Records from a collection:
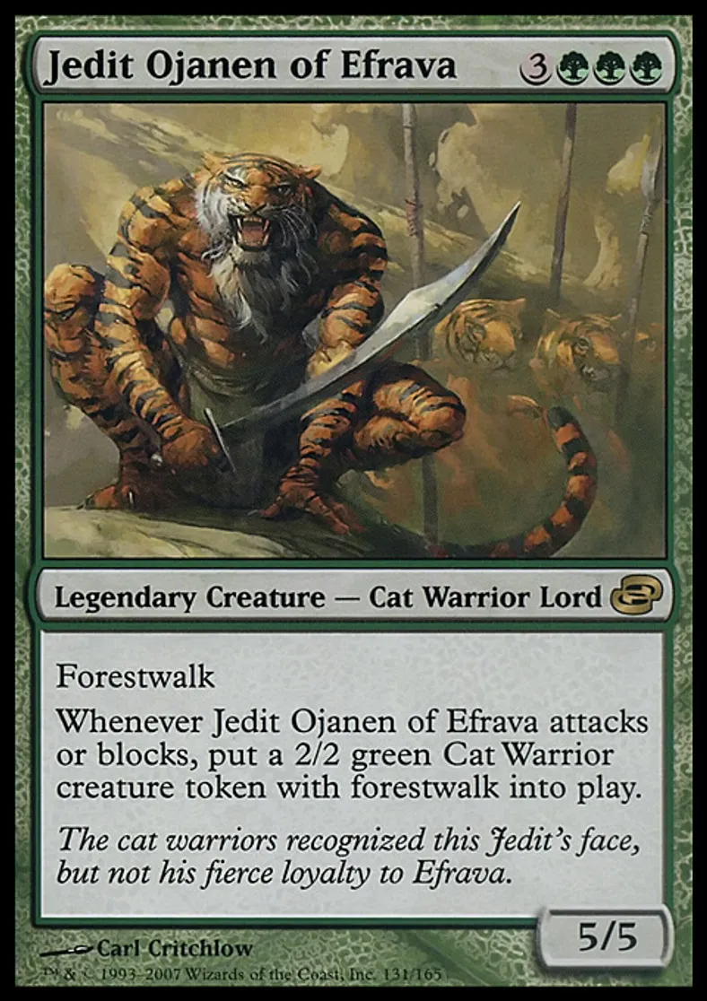 | Oracle Text | Forestwalk Whenever Jedit Ojanen of Efrava attacks or blocks, put a 2/2 green Cat Warrior creature token with forestwalk onto the battlefield. | ||
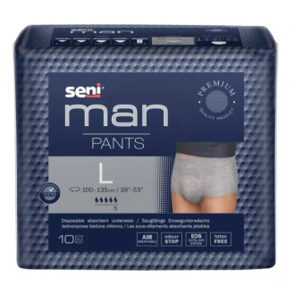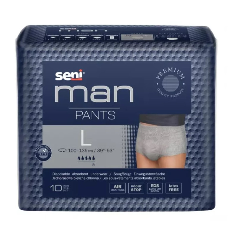 Seni Man Pants to medyczny produkt w postaci chłonnej bielizny przeznaczonej dla mężczyzn z lekkim lub średnim nietrzymaniem moczu.
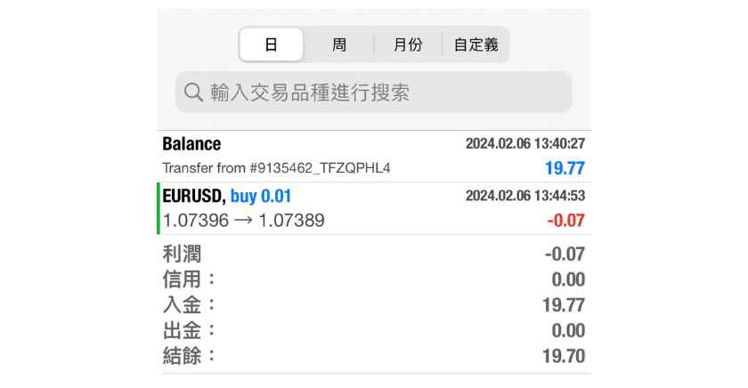 「历史」界面可以确认交易历史资料。
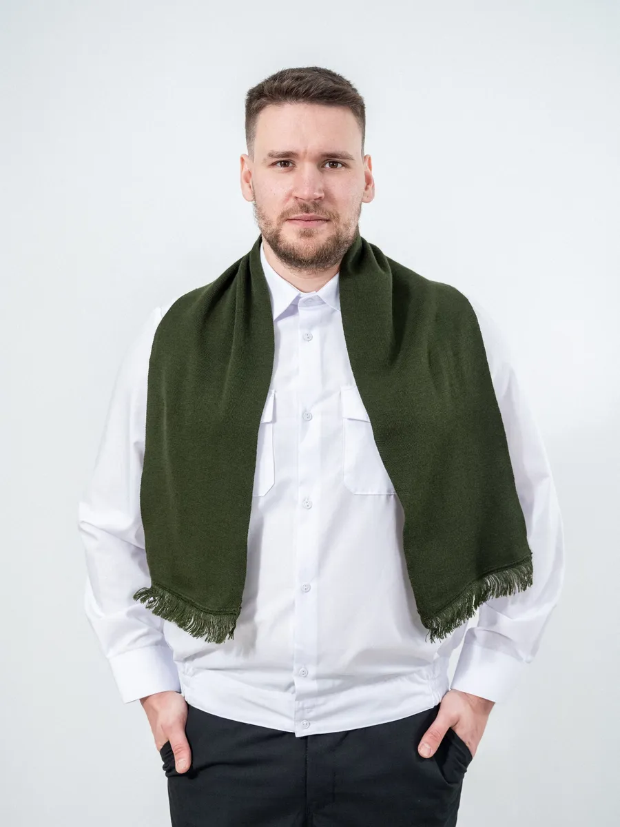 Шарф, оливковый, пан, шерсть - интернет магазин Полигон
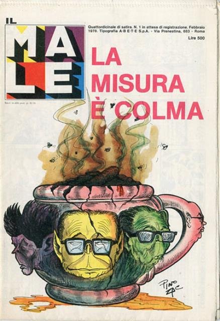 37 fasc. : ill. ; 40 x 28 cm. «Il Male» è stata una delle più importanti riviste satiriche italiane, prima quattordicinale e poi settimanale. In breve tempo per le iniziative e i contenuti innovativi divenne un vero e proprio fenomeno di costume raggiungendo le 140.000 copie di venduto fra il 1978 e il 1979 con i famosi falsi dei maggiori quotidiani. La rivista venne creata da un'idea di Pino Zac e diretta fino alla chiusura da Vincino. Nato sulle ceneri de «Il Quaderno del Sale», ebbe come fonte d'ispirazione il giornale satirico parigino «Le Canard enchaîné», dal quale Pino Zac proveniva. Cessò le pubblicazioni nel 1982. Fascicoli a colori piegati, carta leggermente ingiallita, per il resto esemplari integri. Codice libreria 6907.
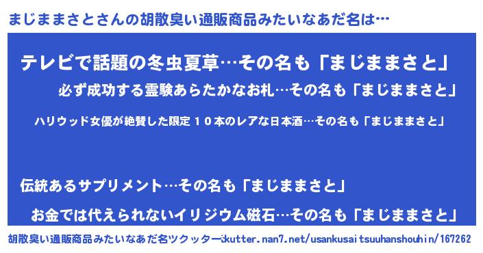 | 意味不明あだ名 | 『住所不定無職まじままさと(14歳)』 |
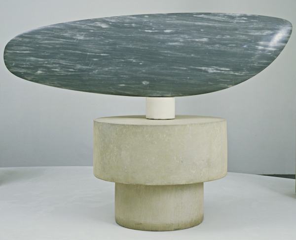 这是布朗库西制作的最长的《鱼》,从这块加长的椭圆形中可以看出,艺术家对动态的痴迷。蓝灰相间、夹杂斑点的大理石,不仅看起来像游动的水生物体,它还曾被放在一个旋转轴上,有规律地转动。作品静止时,当人走近,它也会有所变化。由于表面为水平状,从某个特定角度看,它又能收缩成一条细线。
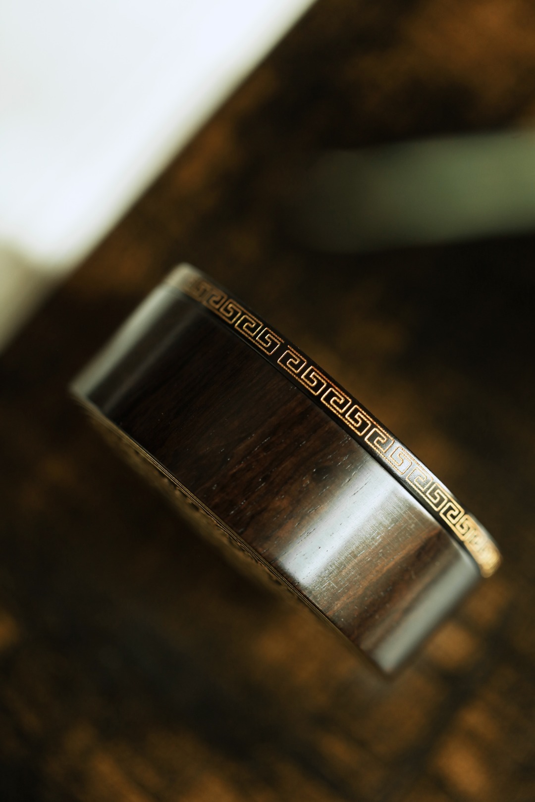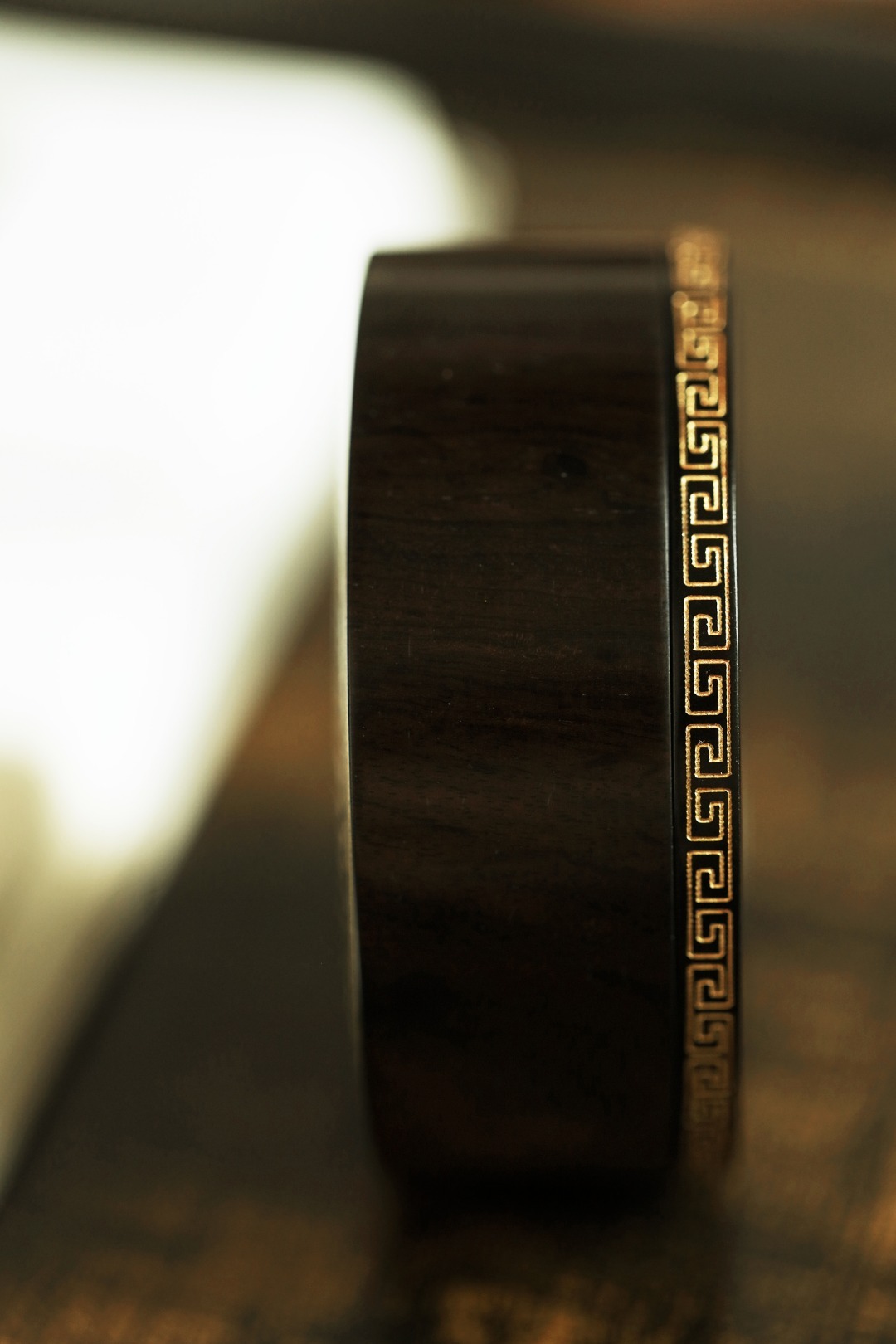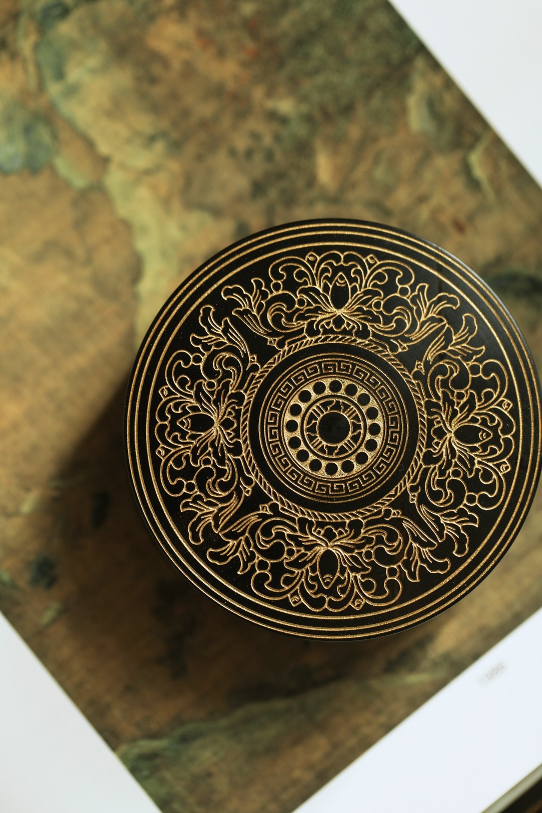 紫光檀×描金【西番莲纹】圆盒一木整挖,子母盖式,严丝合缝,盒面满雕西番莲纹,手工
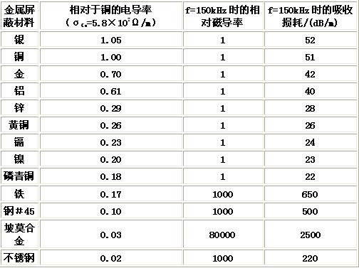 當(dāng)進(jìn)入金屬屏蔽內(nèi)的電磁波在屏蔽金屬內(nèi)傳播時(shí),由于衰減而產(chǎn)生吸收作用。吸收損耗A(dB)為:
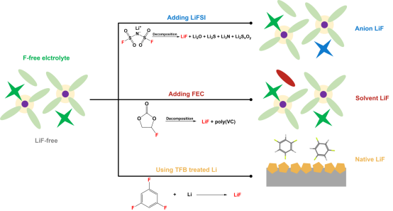 (在无氟体系中引入不同氟源得到三种含LiF界面的示意图)
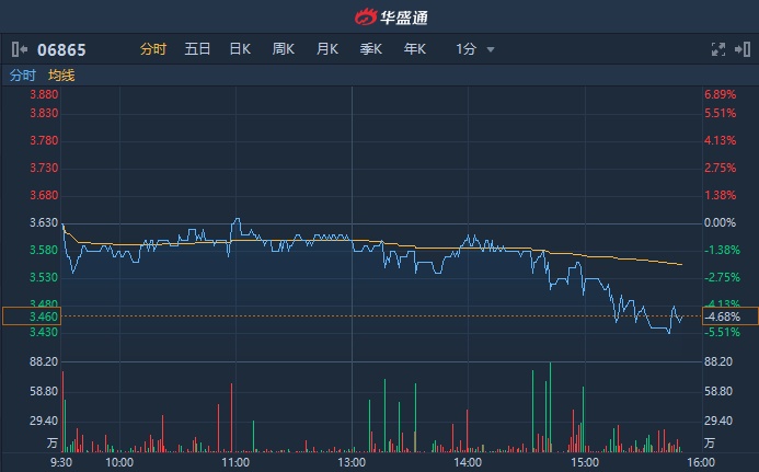 智通财经APP获悉,福莱特玻璃(06865)早盘低开震荡,尾盘跳水快速走低,截至15时49分,跌4.68%,报3.46港元,成交额达7437万港元。
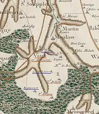 La carte de Cassini montre qu'au XVIIIe siècle, Vaux est une paroisse située sur la route allant du Câteau à Bohain.
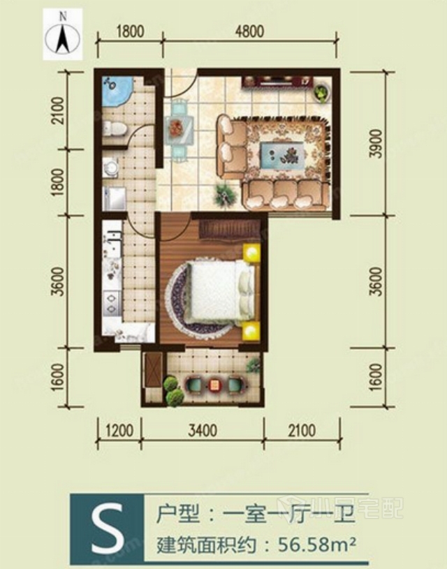 盡管這間一室公寓在表面上與其他無異,但考慮到用淺色的墻壁來擴(kuò)大視覺空間。家裝家具一體價(jià):8.8萬元
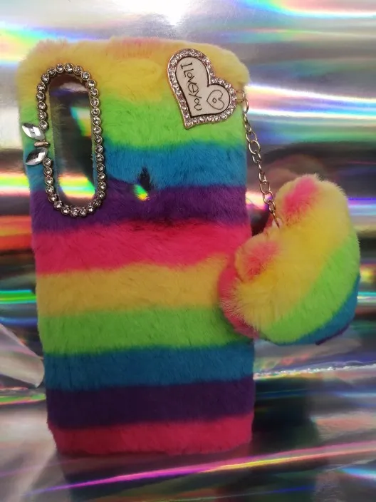 3D милый пушистый плюшевый мягкий меховой Радужный чехол для телефо...
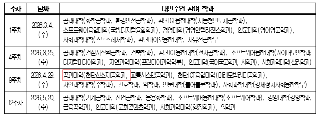 첨단신소재공학과는 4주차(2026.04.29.수요일) 연암관 대강당에서 대면수업으로 진행된다고 합니다.
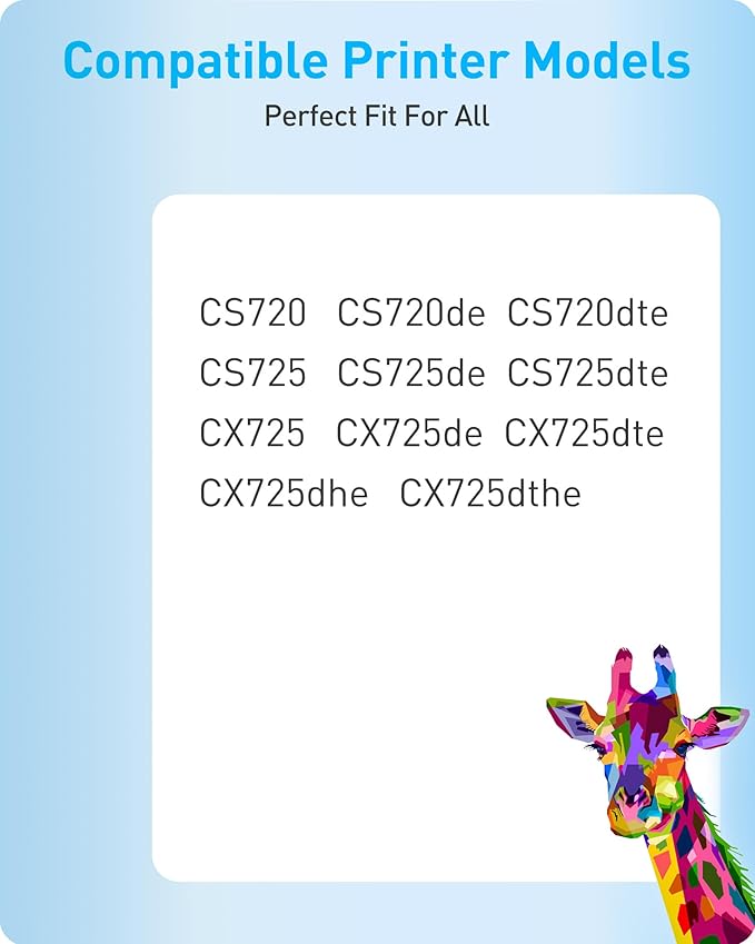 - Compatible Printers: for Lexmark CS720, CS720de, CS720dte, CS725, CS725de, CS725dte, CX725, CX725de, CX725dte, CX725dhe, CX725dthe printer

EXERCISE INSTRUCTIONS: This exercise asks for an exact copy of the lines from the first one in the data through the line that contains "这是布朗库西制作的最长的《鱼", pictures excluded.

EXERCISE ANSWER:
 | Oracle Text | Forestwalk Whenever Jedit Ojanen of Efrava attacks or blocks, put a 2/2 green Cat Warrior creature token with forestwalk onto the battlefield. | ||
 Seni Man Pants to medyczny produkt w postaci chłonnej bielizny przeznaczonej dla mężczyzn z lekkim lub średnim nietrzymaniem moczu.
 「历史」界面可以确认交易历史资料。
 Шарф, оливковый, пан, шерсть - интернет магазин Полигон
 37 fasc. : ill. ; 40 x 28 cm. «Il Male» è stata una delle più importanti riviste satiriche italiane, prima quattordicinale e poi settimanale. In breve tempo per le iniziative e i contenuti innovativi divenne un vero e proprio fenomeno di costume raggiungendo le 140.000 copie di venduto fra il 1978 e il 1979 con i famosi falsi dei maggiori quotidiani. La rivista venne creata da un'idea di Pino Zac e diretta fino alla chiusura da Vincino. Nato sulle ceneri de «Il Quaderno del Sale», ebbe come fonte d'ispirazione il giornale satirico parigino «Le Canard enchaîné», dal quale Pino Zac proveniva. Cessò le pubblicazioni nel 1982. Fascicoli a colori piegati, carta leggermente ingiallita, per il resto esemplari integri. Codice libreria 6907.
 | 意味不明あだ名 | 『住所不定無職まじままさと(14歳)』 |
 这是布朗库西制作的最长的《鱼》,从这块加长的椭圆形中可以看出,艺术家对动态的痴迷。蓝灰相间、夹杂斑点的大理石,不仅看起来像游动的水生物体,它还曾被放在一个旋转轴上,有规律地转动。作品静止时,当人走近,它也会有所变化。由于表面为水平状,从某个特定角度看,它又能收缩成一条细线。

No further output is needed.